- Country: Ethiopia
- Region: Oromia
- Zone: Arsi Zone
- Time zone: UTC+3 (EAT)

= Sherka =

District located in Oromia Regional State of Ethiopia

Sherka is one of the Aanaas in the Oromia Regional State of Ethiopia. Research by Ulrich Braukämper uncovered a local tradition that traced the origins of this woreda's name to an ancient Ethiopian province, Sharkha, which vanished as a political unit in the 16th century. Part of the Arsi Zone, Sirkaa is bordered on the south by the Shebelle River which separates it from the Bale Zone, on the southwest by Bekoji, on the west by Digeluna Tijo, on the north by Tena, and on the east by Robe. Gobesa is the administrative center; other towns include Gaadoo Gunaa.

== Overview ==
The altitude of this woreda ranges from 350 to 1350 meters above sea level. Perennial rivers include 25 kilometers of the Gumelo and 20 of the Rapese. A survey of the land in this woreda shows that 21.4% is arable or cultivable, 6.3% pasture, 2.7% forest, and the remaining 69.6% is considered swampy, mountainous or otherwise unusable. Pepper, black and white cumin and fenugreek are important cash crops.

Industry in the woreda includes 10 grain mills employing 31 people, as well as 671 registered businesses of which 23% were wholesalers, 40% retailers and 36% service providers. There were 32 Farmers Associations with 14,991 members and 6 Farmers Service Cooperatives with 14,315 members. Sirkaa has 77 kilometers of dry-weather and 22 of all-weather road, for an average road density of 91.6 kilometers per 1000 square kilometers, which the Oromia state government notes has not been maintained; 34 kilometers of road between Gobeessaa and Beqqoojjii, and 15 kilometers from Gobeessaa to Tareta are in the planning stages.
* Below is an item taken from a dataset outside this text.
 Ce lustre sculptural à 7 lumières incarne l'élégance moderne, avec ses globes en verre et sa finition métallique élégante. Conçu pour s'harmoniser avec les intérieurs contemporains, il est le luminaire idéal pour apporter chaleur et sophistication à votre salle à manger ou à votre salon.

About 51.1% of the total population has access to drinking water.

== Demographics ==
The 2007 national census reported a total population for this woreda of 163,823, of whom 81,812 were men and 82,011 were women; 12,494 or 7.63% of its population were urban dwellers. The majority of the inhabitants said they were Muslim, with 54.19% of the population reporting they observed this belief, while 45.52% of the population practised Ethiopian Orthodox Christianity.

Based on figures published by the Central Statistical Agency in 2005, this woreda has an estimated total population of 157,640, of whom 78,968 are men and 78,672 are women; 11,870 or 7.53% of its population are urban dwellers, which is less than the Zone average of 12.3%. With an estimated area of 1,080.78 square kilometers, Sherka has an estimated population density of 145.9 people per square kilometer, which is greater than the Zone average of 132.2.
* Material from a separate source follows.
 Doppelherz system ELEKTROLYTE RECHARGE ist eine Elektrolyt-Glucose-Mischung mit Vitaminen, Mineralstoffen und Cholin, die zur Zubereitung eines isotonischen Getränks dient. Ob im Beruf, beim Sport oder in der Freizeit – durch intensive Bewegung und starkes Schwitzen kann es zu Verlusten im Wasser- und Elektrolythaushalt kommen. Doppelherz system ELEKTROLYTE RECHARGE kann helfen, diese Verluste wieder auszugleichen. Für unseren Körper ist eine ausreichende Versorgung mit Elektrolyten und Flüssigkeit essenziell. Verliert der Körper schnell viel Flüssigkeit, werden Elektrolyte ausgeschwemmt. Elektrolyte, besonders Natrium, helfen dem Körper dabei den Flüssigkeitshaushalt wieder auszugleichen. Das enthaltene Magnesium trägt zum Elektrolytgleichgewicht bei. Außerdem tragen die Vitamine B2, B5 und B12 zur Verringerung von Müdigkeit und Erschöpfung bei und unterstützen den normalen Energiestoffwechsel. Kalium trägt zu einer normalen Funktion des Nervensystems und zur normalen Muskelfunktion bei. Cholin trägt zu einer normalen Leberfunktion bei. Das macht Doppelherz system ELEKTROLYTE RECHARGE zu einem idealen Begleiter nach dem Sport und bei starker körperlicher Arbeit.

The 1994 national census reported a total population for this woreda of 112,743, of whom 56,527 were men and 56,216 women; 6,642 or 5.89% of its population were urban dwellers at the time. The two largest ethnic groups reported in Sherka were Oromo (71.83%), and Amhara (26.83%); all other ethnic groups made up 1.34% of the population. Oromiffa was spoken as a first language by 65.98%, and 33.91% spoke Amharic; the remaining 0.11% spoke all other primary languages reported. The majority of the inhabitants professed Ethiopian Orthodox Christianity, with 50.53% of the population having reported they practiced that belief, while 49.22% of the population said they were Muslim.